If You Are 55–74 With a 20+ Year Smoking History:
Immediate action (this week):
- Book a 15-minute appointment with your family doctor and ask specifically: "Am I eligible for the Ontario Lung Screening Program? Can you send a referral to a nearby OLSP site?" You do not need symptoms — screening is for people who feel fine.
- If you do not have a family doctor, contact an OLSP site directly. There are 10 hospital sites in Ontario running the program, with expansion in progress in 2026. The site's navigator can assess your referral criteria and then work with a provider to formalize the referral.
- Do the math on pack-years yourself before your appointment. Pack-years = (packs per day) × (years smoked). Example: 1 pack per day for 25 years = 25 pack-years. The screening risk model uses this alongside age and other factors.
What to prepare:
- A written smoking history: age you started, quit date if applicable, average packs per day at different periods.
- Family cancer history: any first-degree relative (parent, sibling, child) with lung cancer, and their age at diagnosis.
- Occupational exposures: asbestos, silica, diesel exhaust, radon in your home. These factors feed into the OLSP risk calculator.
Resources:
- Ontario Lung Screening Program — site locator
- OLSP Referral Form (PDF) — bring this to your family doctor appointment
- PLCOm2012 risk calculator — the statistical model OLSP uses; you can estimate your 6-year risk before your visit
- Health811 (dial 811) — free 24/7 nurse line to help you find an OLSP location if you don't have a family doctor
Example scenario: A 62-year-old Kingston resident who smoked 15 cigarettes per day for 32 years quit five years ago. Her pack-year calculation is (0.75 packs × 32 years) = 24 pack-years. She is well within eligibility (55–74, ≥20 pack-years, quit within the last 15 years). Based on the OLSP risk calculator, her 6-year lung cancer risk is likely above the 2% threshold the program requires for screening enrollment. Her next step: book her family doctor, ask for an OLSP referral, and expect an intake call within 2–4 weeks. If she enrolls, she can expect an annual LDCT scan for up to three years — the scan itself takes only a few minutes and involves no needles.
If You're a Family Member of a Current or Former Smoker:
Immediate action:
- Have the conversation. People often assume screening is only for people with symptoms. It is the opposite — screening is designed to catch cancer before symptoms.
- Offer to help with the logistics. Book the appointment, print the OLSP referral form, drive them to the CT appointment.
- Do not shame or blame. The report emphasizes that stigma is one of the biggest barriers to lung cancer screening uptake, and it disproportionately affects people from lower-income and racialized communities.
What to prepare:
- The nearest OLSP location — the full list is on Cancer Care Ontario's site.
- Their family doctor's contact info, or Health811 if they don't have one.
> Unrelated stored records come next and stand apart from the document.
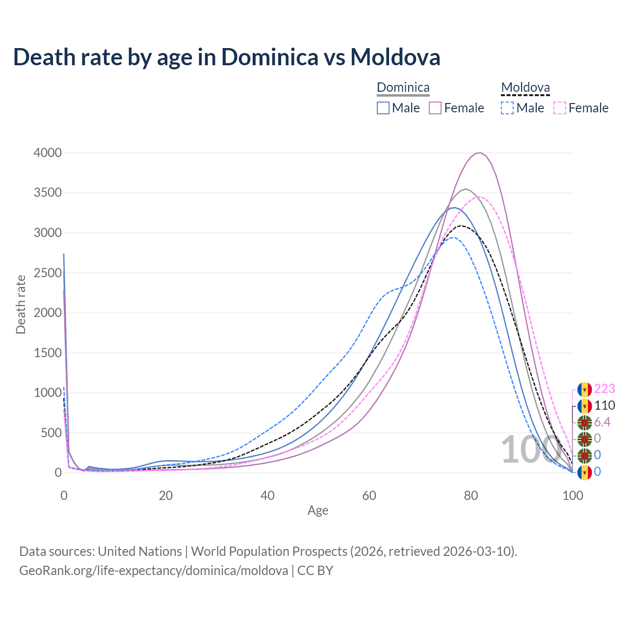 This life expectancy calculator shows the odds of living to 100, 95, 90, and below based on current age for both males and females in Dominica and Moldova, along with mean and median age of death. The calculations are based on the 2026 life tables (actuarial tables) from the UN World Population Prospects.
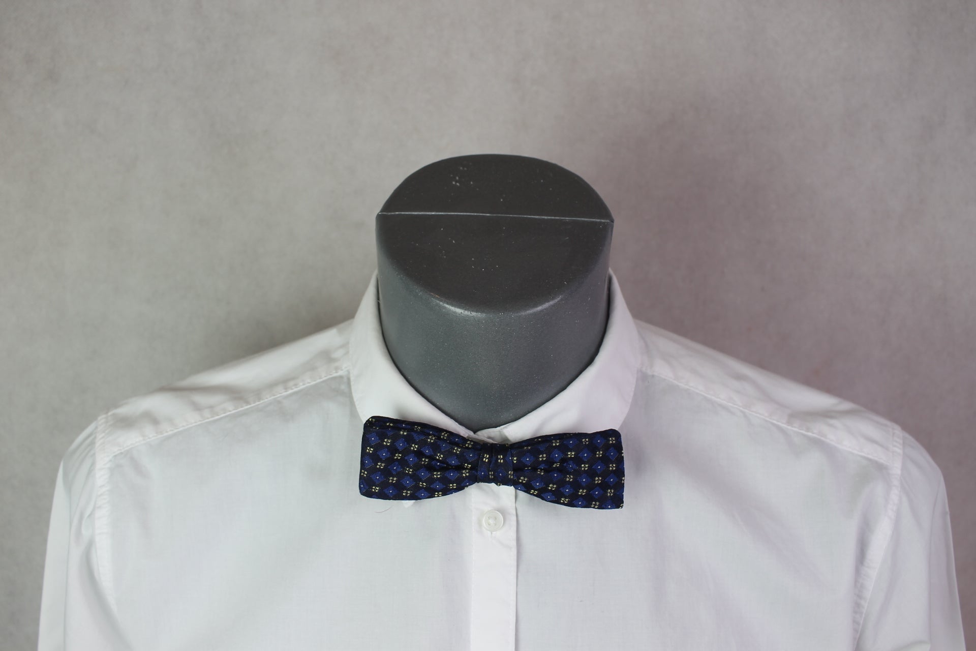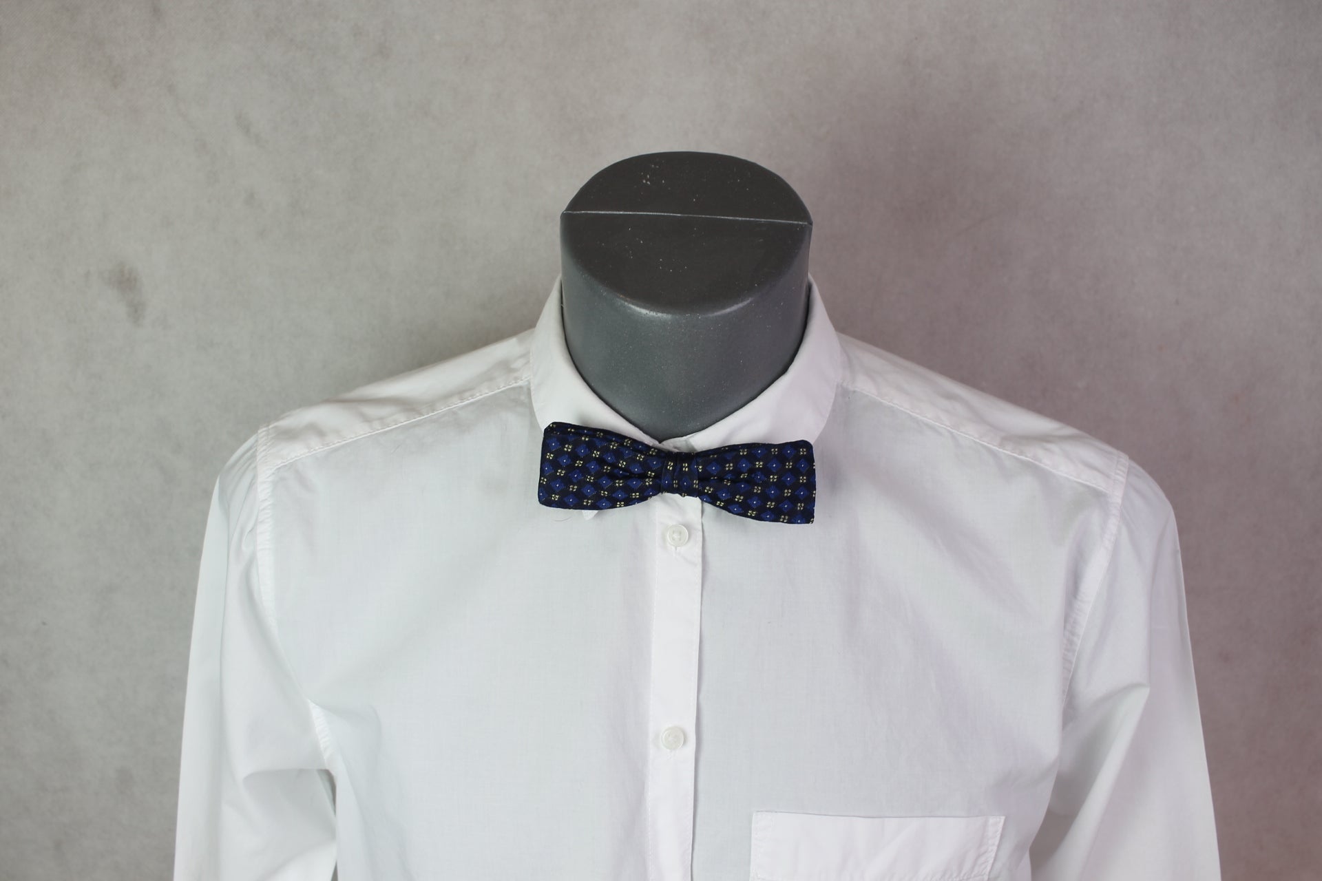 Vintage pre-tied clip on dark blue cream diamond pattern bow tie
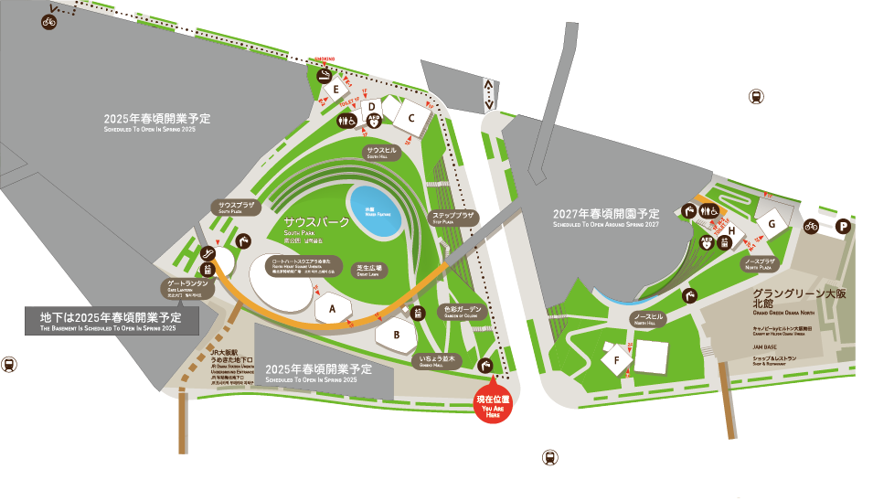 UMEKITA 梅田枢纽GrandDand是梅北公园。 Front Osaka的二期项目,其中,南区Grand Green Osaka 已在2025年初出现,走进去看一看,这里似乎是前期公园商业智慧的集合升级。

If You're a Care Provider or Community Health Worker:
The Lung Health Foundation report specifically flags equity-stratified data gaps — meaning we don't yet know how well the program is reaching Indigenous communities, rural residents, and lower-income Ontarians. Practical steps:
- Post OLSP referral information in visible community spaces.
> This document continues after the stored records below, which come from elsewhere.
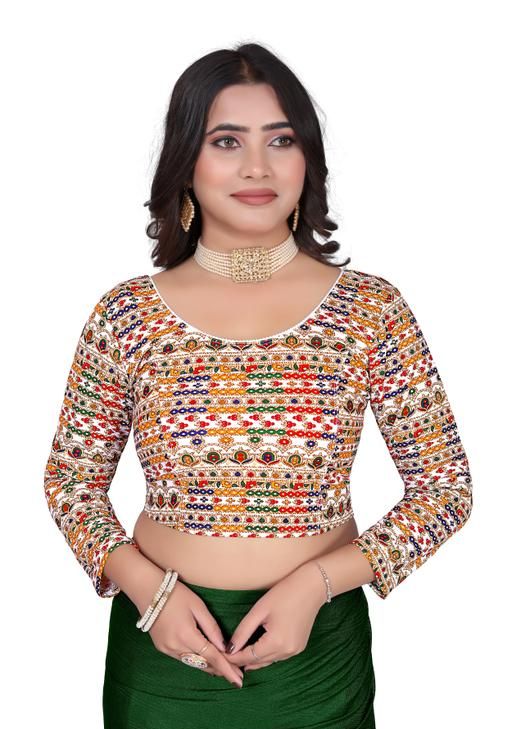 Name: Readymade Blouse with Full Sleeves round Neck Printed Aztec Pattern Full Stretchable
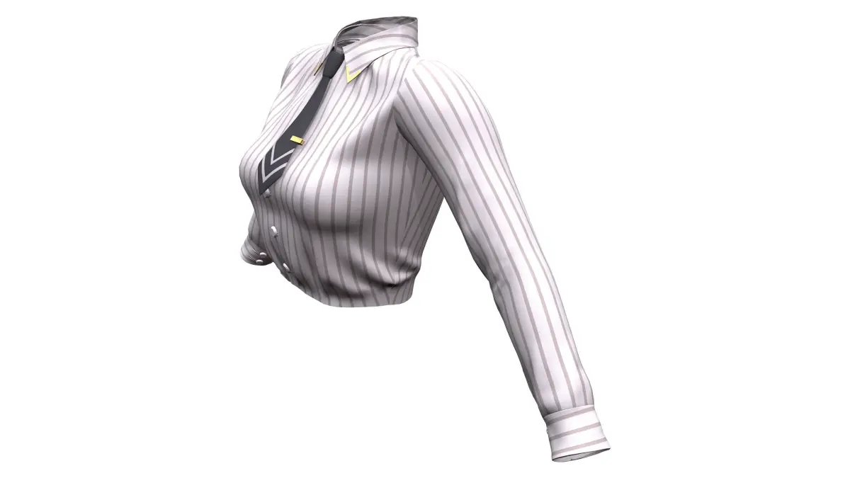 Female Long Sleeves Striped Tucked In Office Shirt With Tie
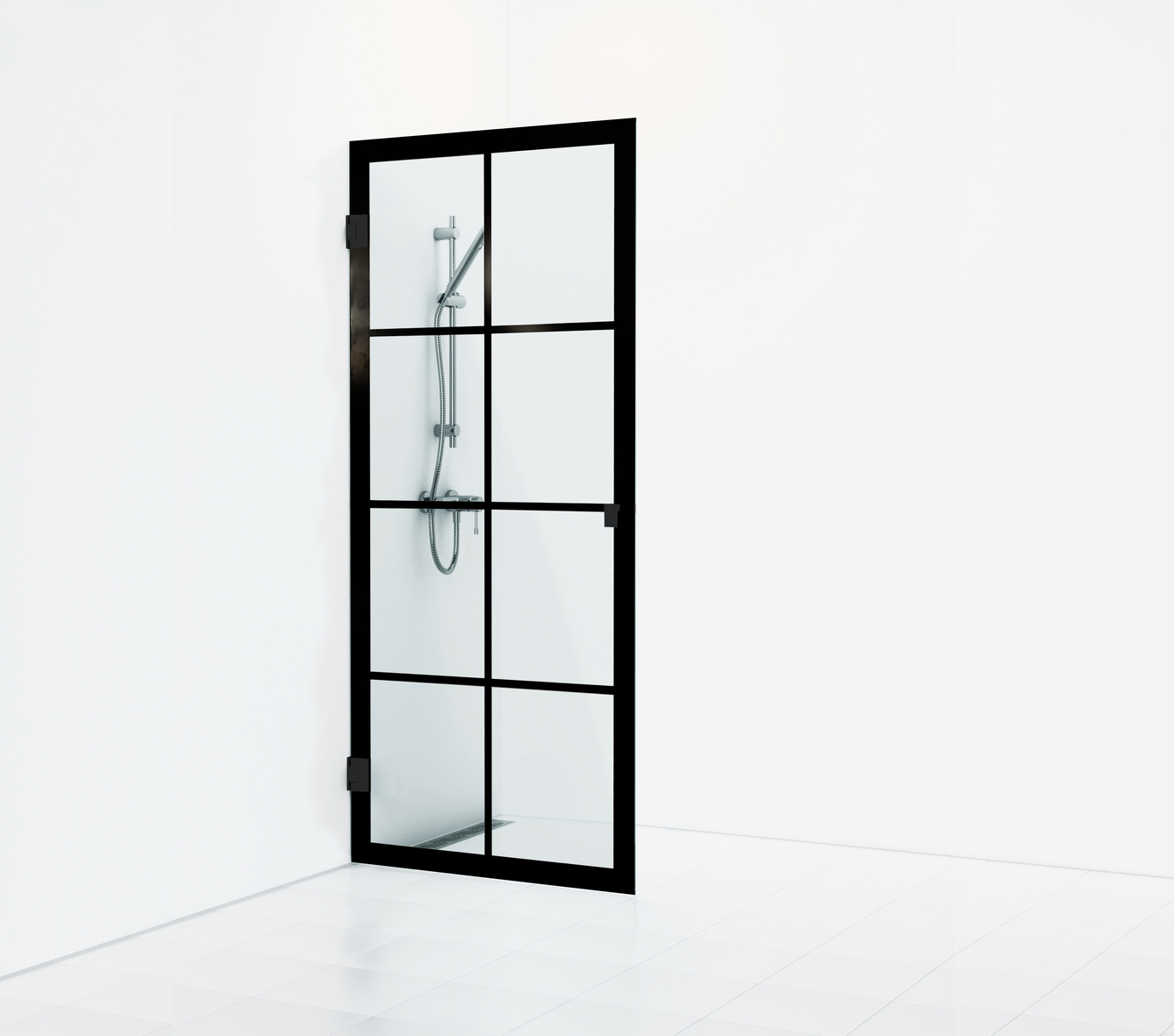 180° Rista rak skärmvägg 78x200 svart matt profil och klarglas. Enkel.
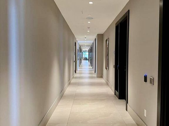 Open-concept layoutContemporary kitchenStone countertopsSleek backsplashBuilt-in appliancesExpansive windowsWest-facing balcony
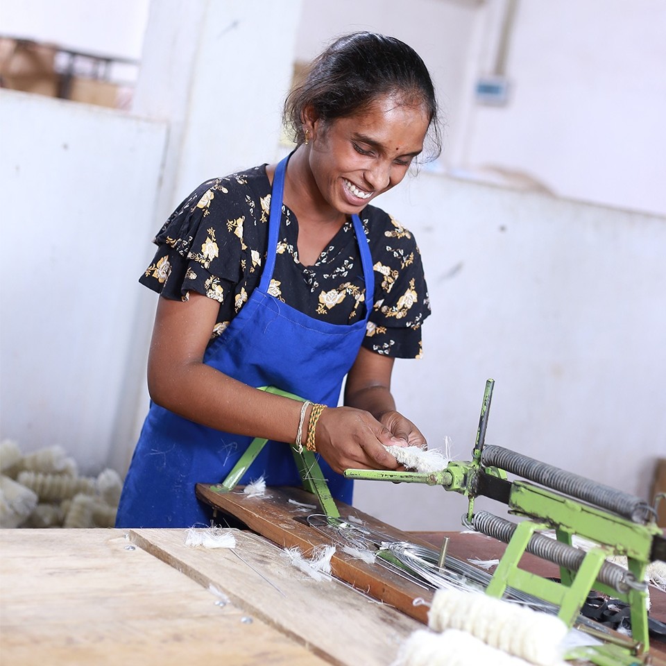 Satya Special School empowers children and youth with special needs and works towards inclusion through education, employment, and advocacy. They started in 2003 as a daycare center for 20 children and have now expanded to a large network of urban and rural centers throughout Puducherry. Initiatives include a high-risk newborn clinic, an early intervention center, inclusive education programs and therapy centers, mobile therapy units, a research center, a training academy, and more. Satya also offers sustainable livelihood programs for young people and adults with special needs and their family members. Under their Thirankoodu brand, they work with mothers of children with disabilities to create upcycled fabric waste mats, palm leaf containers, recycled paper bags, coconut shell crafts, embroidered housewares and accessories, and other handmade products for the local community.

- Partner with local pharmacies — pharmacists often see smokers at prescription refill and can be a referral pathway.
- Advocate to your local hospital or community health centre to expand OLSP access if your region does not yet have a nearby site.
For All Ontarians:
Even if you're not eligible, three things matter:
- Radon testing at home. Radon is the second-leading cause of lung cancer in Canada after smoking. Long-term test kits cost roughly $30–$60. See Take Action on Radon for testing resources.
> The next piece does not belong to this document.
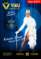 Sädelev kabaree-programm maitsva õhtusöögi ja tantsuga!  Suurepärane võimalus veeta meeldiv nädalavahetuse õhtu otse Toompea lossi vastas!Teie õhtu muudavad meeldejäävaks suurepärane õhtusöök, pokaalide kõlin, kütkestav kabareeshow ja tants unustamatute 70-90 aastate tantsuhittide saatel!Kõike seda pakume Teile vägagi mõistliku hinnaga! Nagu Te teate tähistas legendaarne Viru Varietee 2022 aastal oma 50 juubelit. 50. Juubelisünnipäev on märgilise tähtsusega ka inimese jaoks. Rahvasuu räägib ju, et alates sellest vanusest saab inimene patud andeks, saab alustada nö puhtalt lehelt jne. Aeg ei seisa paigal. Muutuvad valitsused, inimeste harjumused, huvid ja palju muud. Arvestades Teie ettepanekuid ja soove muudame oma etendusi nii, et senise kahe pooletunnise kabareeshow asemel hakkame pakkuma ühte pikemat etendust. Teeme seda selleks, et rahvale jääks  rohkem tantsuaega retrodisko rütmide saatel.Juubeliaastal üritasime Teile pakkuda erinevaid populaarseid lauljaid nende suurepäraste esitustega.  Ja kuna selline praktika õigustas ennast igati, siis jätkame seda, kutsudes Teie ette erinevaid säravaid ja karismaatilisi Eesti artiste. Värske info saamiseks palume Teil jälgida Viru Varietee facebooki lehte. Pakume Teile pidulikuks õhtusöögiks kahte variant.Reedeti À La Carte pakett. Laupäeviti BUFFEE pakett.Hinnad sõltuvalt istekohast 78 – 98 eurot.Hind sisaldab varieteeprogrammi, pokaali veini ja maitsvaid roogasid restorani peakokalt.À La Carte pakett – 3 erinevat pearooga omal valikul. Menüü siin: http://www.varietee.ee/VV/alacarte_est25.pdf# BUFFEE pakett – külluslik ja mitmekesine õhtusöök Rootsi laua stiilis.Menüü siin: http://www.varietee.ee/VV/buffet_est25.pdf# ÕHTU PROGRAMM: Varietee Ob-La-Di, Ob-La-Da on kava, mille repertuaaris on põhiliselt tantsunumbreid 80ndate ja  90ndate Viru Varieteest – Pakett À LA CARTEUksed avame kell 18:00. Vestibüülis pakume klaasikest vahuveini, laudadel on eelnevalt serveeritud erinevad suupisted!Intiimses hämaruses kõlab romantiline muusika, mis lausa kutsub Teid tantsusaatel partneriga õrnusi jagama!Samal ajal serveerib hotelli peakokk Teile pearooga! 20:30 kustuvad saalis tuled ja algab meelierutav kabareeprogramm! See ongi VIRU VARIETEE!21:15 pärast showprogrammi pakume Teile unustamatut tantsuõhtut legendaarsete tantsuhittide saatel 70-90 aastatest. Tantsuõhtu teete unustamatuks just TEIE!23:00 orienteeruvalt lõpeb Teie meeldiv õhtu VIRU VARIETEES!NB! Kui soovite vahetada sooja toitu ja tellida paketis sisalduvast soojast toidust erinev praad, siis palume tellimus esitada enne 18:30!VIRU VARIETEE ootab Teid alati! ÕHTU PROGRAMM:  Kabaree Grand Tallinn on kava, mille repertuaaris on viimasel ajal loodud kaasaegsed numbrid – Pakett BUFFET18:00 avanevad uksed. Vestibüülis pakume bokaali kihisevat vahuveini. Saalis ootab Teid rikkalik Rootsi laud!Intiimses hämaruses kõlab romantiline muusika, mis lausa kutsub Teid tantsusaatel partneriga õrnusi jagama!20:30 kustuvad saalis tuled ja alustab meelierutav kabareeprogramm! See ongi VIRU VARIETEE!21:15 pärast showprogrammi pakume Teile unustamatut tantsuõhtut legendaarsete tantsuhittide saatel 70-90 aastatest. Tantsuõhtu teete unustamatuks just TEIE!23:00 orienteeruvalt lõpeb Teie meeldiv õhtu VIRU VARIETEES!VIRU VARIETEE ootab Teid alati! SAALI PLAAN • Pakett À LA CARTE: http://www.varietee.ee/VV/saal25.pdf#SAALI PLAAN • Pakett BUFFET: http://www.varietee.ee/VV/buffetsaal25.pdf#  NB! Kõik piletid võetakse müügist maha Piletilevi müügikeskkonnast 1 päev enne üritust. Ürituse päeval on võimalik osta pilet ainult broneerides see telefonil: +372 5088060Korraldajal on õigus ühepoolselt muuta ürituse toimumise aega või peatada selle, teatades sellest ürituse osavõtjatele, avaldades asjakohast teavet partneri veebilehel https://www.piletilevi.ee/, kui Eesti valitsuse kehtestatud piirangute tõttu osutub Viru Varietee ürituse tavapärane läbiviimine võimatuks.Ürituse lingid:http://www.viruvarietee.ee http://www.varietee.ee http://www.youtube.com/ViruVarietee http://www.facebook.com/ViruVarietee
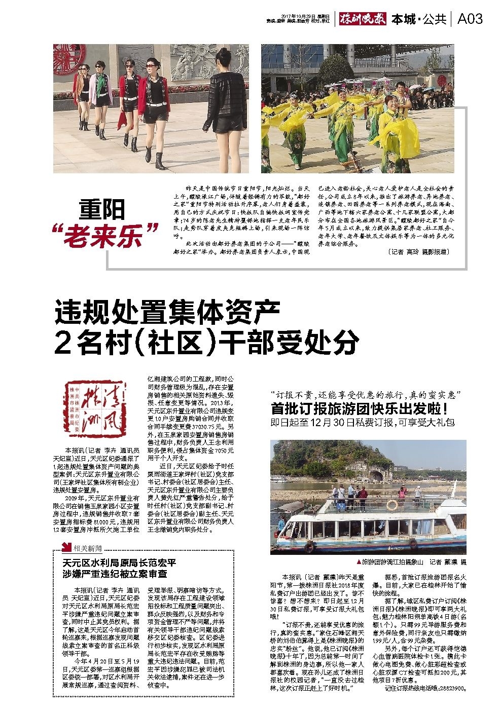 昨天是中国传统节日重阳节,阳光灿烂。当天上午,醴陵渌江广场,伴随着铿锵有力的军鼓,“都好之家”重阳节特别活动拉开序幕,老人们身着盛装,用自己的方式庆祝节日:快板队自编快板词宣传党章;74岁的陈老先生精神矍铄地指挥一支老年民乐队;走秀队穿着皮夹克短裤上场,引来现场一阵惊呼。

- Support smoking cessation programs. Smokers' Helpline (1-877-513-5333) is free and effective. Nicotine replacement therapy is covered by OHIP+ for those under 25 and by the Ontario Drug Benefit for many others.
- Push for national screening. Only Ontario, Quebec, British Columbia and a few other provinces have organized programs. Ask your MP about expanding federal support for consistent, cross-provincial screening.
The News: What Happened
According to the Lung Health Foundation, a new report titled Advancing Lung Cancer Outcomes in Ontario: Baseline System Performance and Priorities for 2035 was released on July 8, 2026. The report is described by the Foundation as the first comprehensive, province-wide assessment of the lung cancer system, spanning prevention, screening, diagnosis, treatment, survivorship and end-of-life care.
As reported by GlobeNewswire, the report finds that the Ontario Lung Screening Program is a "genuine world leader" and was designed from the ground up to be person-centred. At the same time, the report identifies that roughly 11,000 Ontarians receive a lung cancer diagnosis each year, and more than 6,800 die from the disease annually, according to the Foundation.
The Foundation's report states that five-year survival for lung cancer in Ontario remains at approximately 29% — a figure the report ties directly to late diagnosis. According to the report, 44% to 47% of lung cancers in Ontario are still being diagnosed at Stage 4, while only 26% to 28% are caught at Stage 1, when treatment is most effective.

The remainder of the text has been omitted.